Though the rate of confirmed coronavirus cases per day continues to drop, the military is still painfully far from being able to perform contact tracing for all who get infected — and might be even if it were operating at full capacity.
In early August, the Israel Defense Forces was formally tasked with “cutting the chain of infections” for the country — finding and testing those suspected of having contracted the disease and putting them into quarantine. This included taking responsibility for the country’s testing efforts and conducting epidemiological surveys: the practice of speaking with confirmed carriers to retrace their steps in the days following their infection to identify and warn those they may have unwittingly passed the disease on to.
Public health experts have identified this type of contact tracing as crucial in curbing the spread of the virus, as it allows authorities to locate people who may have contracted the disease before they have a chance to pass it on.
After receiving the directive from the government, the IDF began bringing in conscripted soldiers and reservists to operate the contact tracing unit. At the time, the military’s goal was to be able to perform up to 2,000 surveys per day with just over 1,000 surveyors by November 1, when the IDF Home Front Command’s “Alon” coronavirus task force and its contact tracing unit were meant to be fully up and running.
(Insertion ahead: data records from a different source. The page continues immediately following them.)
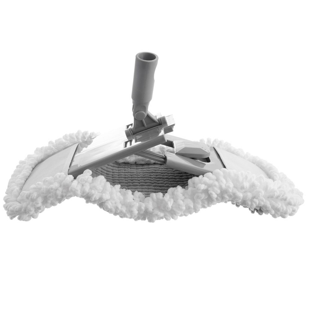 Płaska powierzchnia myjąca - Płaski mop skutecznie zbiera kurz, brud i nadmiar wody, ułatwiając sprzątanie i pozostawiając powierzchnie czyste. Powierzchnia mopa ma frędzle, które pozwolą lepiej usunąć brud. Wykonany z mikrofibry w białym kolorze. Element mocujący mopa wykonany jest z tworzywa w szarym kolorze.
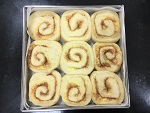 ⑤の生地を9等分にし、型に並べます。35℃位の温かい場所で約2倍の大きさになるまでラップ材をかけて30~40分発酵させます。(2次発酵)
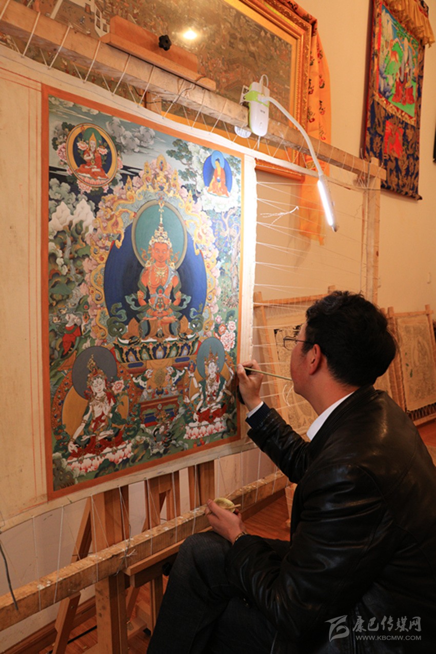 在師傅的教授下,著著從臨摹、勾線定型、著色染色、畫(huà)佛像一步步學(xué)起,對(duì)畫(huà)唐卡近乎癡迷地著著,在師傅的指點(diǎn)下學(xué)得特別認(rèn)真,他嚴(yán)格要求自己,把每幅畫(huà)都當(dāng)作品來(lái)完成。學(xué)習(xí)唐卡畫(huà)多則十余年,少則五六年,也許是著著的刻苦加天賦原因,僅三年時(shí)間便出師開(kāi)始獨(dú)立作畫(huà),到云南或鄉(xiāng)城周邊地區(qū)以畫(huà)壁畫(huà)、唐卡為生。
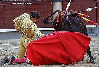 El que llamó hoy la atención, porque torear no toreó, fue Serafín Marín. Primero porque hizo el paseíllo con la senyera y la barretina, en acto de, se supone, proclama a favor de los toros en Catalunya. Parte del público protestó inicialmente, pues no entendían la reivindicación del Sera. También es posible, que al verlo con la barretina, creyeran que era otro regalo de Chopera al abonado en forma de forcado. Total, ayer salió el caballito, hoy forcados y mañana.., mañana Morante y juanpedros. Que es el ciclo normal de una feria de pueblo, que es lo que viene siendo esto que está pasando estos dias por Madrid. A él le tocó el único ibán potable de la tarde, el segundo, y no pasó nada. Muletazos hacia las afueras, siempre en linea recta, vaciando la embestida del toro cuanto más lejos mejor. Algunos, que se hacen la ropa jirones con el destoreo bonito, el del arte, el pellizco y no sé cuántas tonterías más, equivocadamente, vienen llamando a eso hondura, o largura en el peor de los casos. El destierro del toro de los terrenos del torero, con ese toque desplazador hacia fuera, es una de las trampas más abyectas y más usadas del toreo moderno. Afanoso y vulgar, a partes iguales, al sublevado catalán se le ha ido de las manos un triunfo que le hace falta como el comer. Porque de seguir así, se habrán acabado los toros para él, en su tierra y fuera, por lo menos como torero. Con el quinto, que casi no se tenía en pie, no se dió coba y aligeró el triste pesar de la tarde. Ahora, carretera, barretina, senyera y manta a otro lado. Lo que vale para De Mora, Picazo, De Justo y tantos otros vale también para él: en Madrid deben de estar los mejores.
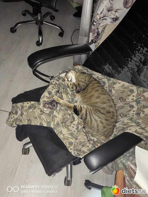 Теперь вот притащил домой. Якобы для моего переезда у него места в машине не было, ага. Я-то думала хотя бы обратно в машину унесет и пусть с ним дальше катается. Ну или продать на Авито. Но... у котика на это кресло оказались свои планы
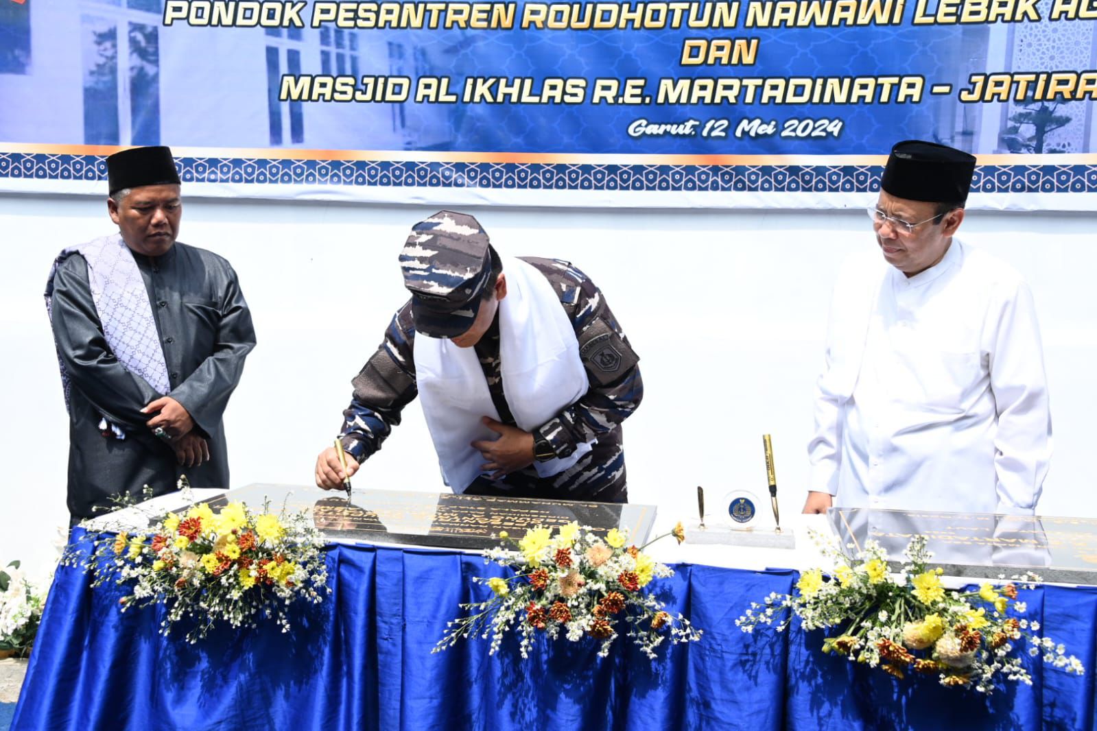 Pada kesempatan tersebut, Kasal beserta rombongan disambut pembina Ponpes Roudhotun Nawawi Prof. Dr. KH Ahmad Tjahja Nugraha dan Pimpinan Ponpes KH Aceng Ali Maki beserta para santri menuju ke dalam Ponpes Roudhotun Nawawi untuk meresmikan Gedung A Mustafa Asmirah dan Masjid Al-Ikhlas R.E. Martadinata Jatirangga yang ditandai dengan penandatanganan prasasti serta peletakan batu pertama.
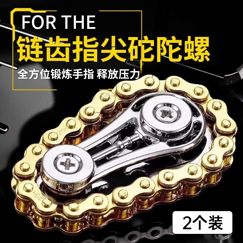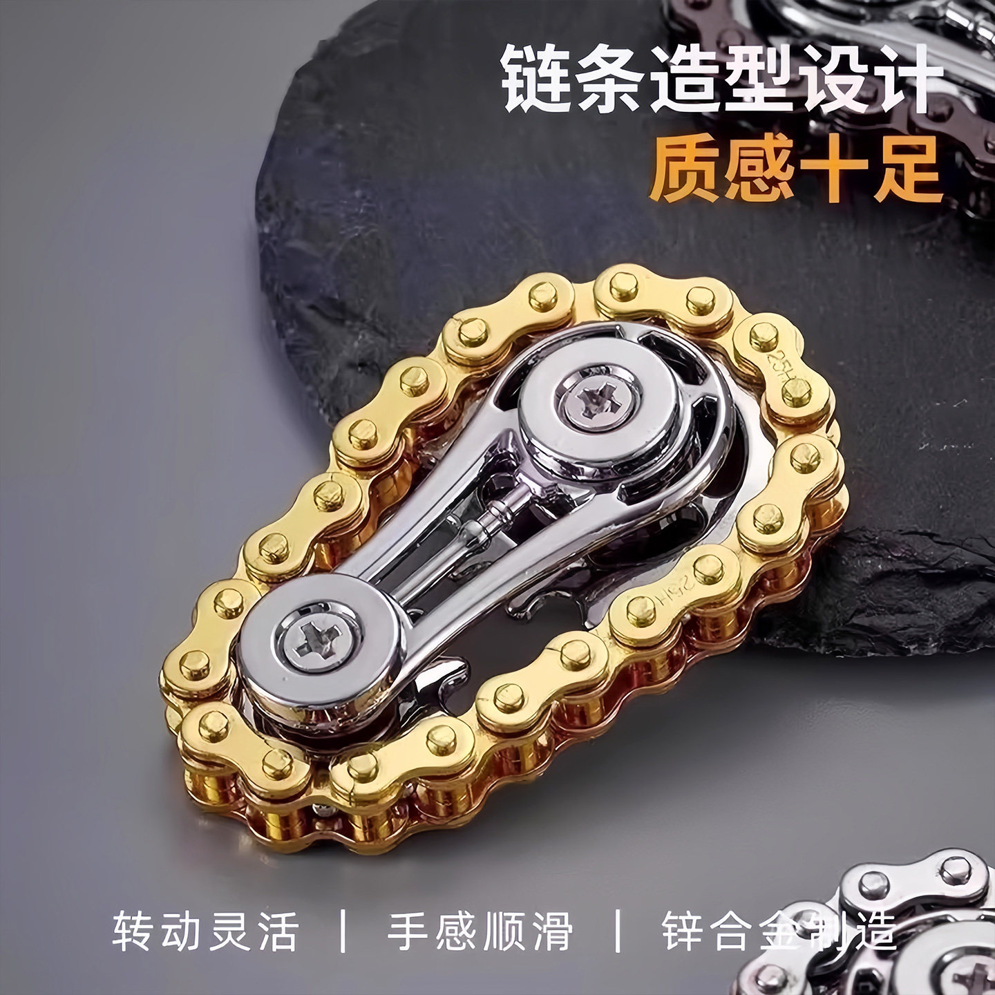 减压手指陀螺飞轮链条指尖陀螺解压神器齿轮联动机械金属玩具礼物

But by September, the number of cases surpassed 2,000, exploding to over 9,000 earlier this month, well beyond even the wildest imaginings of the task force.
The infection rate has trended downward in recent days, following a national lockdown, bringing the number of daily cases to roughly 4,000 on Thursday. This is still beyond the current capabilities of the military, but it is closing in.
We are pushing back the fog
Since then, the Home Front Command has altered its goals, bringing in more people to act as surveyors. By November 1, the military plans to have over 2,000 soldiers performing contact tracing, at a rate of roughly two investigations per day, according to an officer from the unit, Lt. Col. Raviv Hadar.
Hadar said he received a call around the time the unit was being formed and was asked if he’d be interested in joining. He had no background in public health or epidemiology, having served most of his career in human resource-related units in the Israeli Navy, but nevertheless agreed to come in, seeing this as a form of “volunteering.”
Military officials often compare the fight against the coronavirus pandemic to a war. Asked who exactly was the enemy in the conflict, Hadar said it was “the unknown.”
“We are pushing back the fog,” he said, speaking to reporters at the Alon task force offices in the Home Front Command’s headquarters in Ramle.
Hadar said the unit was currently engaged in two simultaneous missions: conducting contact tracing with the personnel and systems currently at its disposal and building up its capabilities to their full potential by November 1.
In a fitting turn of events, the task force is currently operating out of what was once the Home Front Command’s simulator facility — a full building where the military would train local governments on how to respond to emergencies.
The Health Ministry and local governments are also assisting in this effort, with roughly 80 percent of the country’s municipalities employing at least some contact tracers, Hadar said.
According to Hadar, the “bottleneck” preventing an expansion of the epidemiological survey program is a shortage in the number of qualified nurses from the Health Ministry to train and supervise the military’s contact tracers.
As it is, he said, the military has already streamlined the training process down to one week and translated the originally English program into Hebrew to make it easier.
Though the military hopes to eventually be able to reach every confirmed carrier of the novel coronavirus, it is currently overwhelmed and forced to perform triage. According to Hadar, who has served in the unit almost since it was created in August, a few options were considered as a way to prioritize cases: focusing on the worst outbreaks; on areas where outbreaks were just beginning, to prevent them from getting worse; and on the most recent cases.
Ultimately, they settled on a “last in, first out” model, where the latest cases get contact tracing, and older cases are low priority.
“After four days or so the cases have already dispersed anyway,” Hadar said.
The contact tracers work in two eight-hour shifts, the first of which starts at about 9 a.m., with the second ending at approximately 9 p.m. Though they operate seven days a week, they are mindful of whom they call on Shabbat, when most Jewish religiously observant people don’t answer the phone or use electricity.
Hadar said the unit hopes to make the effort more efficient going forward, with a more powerful data tracking system that is being designed by Military Intelligence’s famed Unit 8200. Going forward, for instance, those diagnosed with the disease will receive a text message with a questionnaire to start them thinking about where they have been and with whom they’ve been in contact before a surveyor calls them to complete the process. (According to Hadar, the questionnaire itself is insufficient. A trained person is required to ensure the accuracy of the answers.)
Even when the project is fully up and running next month, Hadar said it will be no replacement for “personal responsibility.”
“Don’t expect that the authorities will get to you because of a survey. If you hear that someone who you were close to tested positive, you have to go into quarantine in order to protect those around you. Get a referral and get tested,” he said.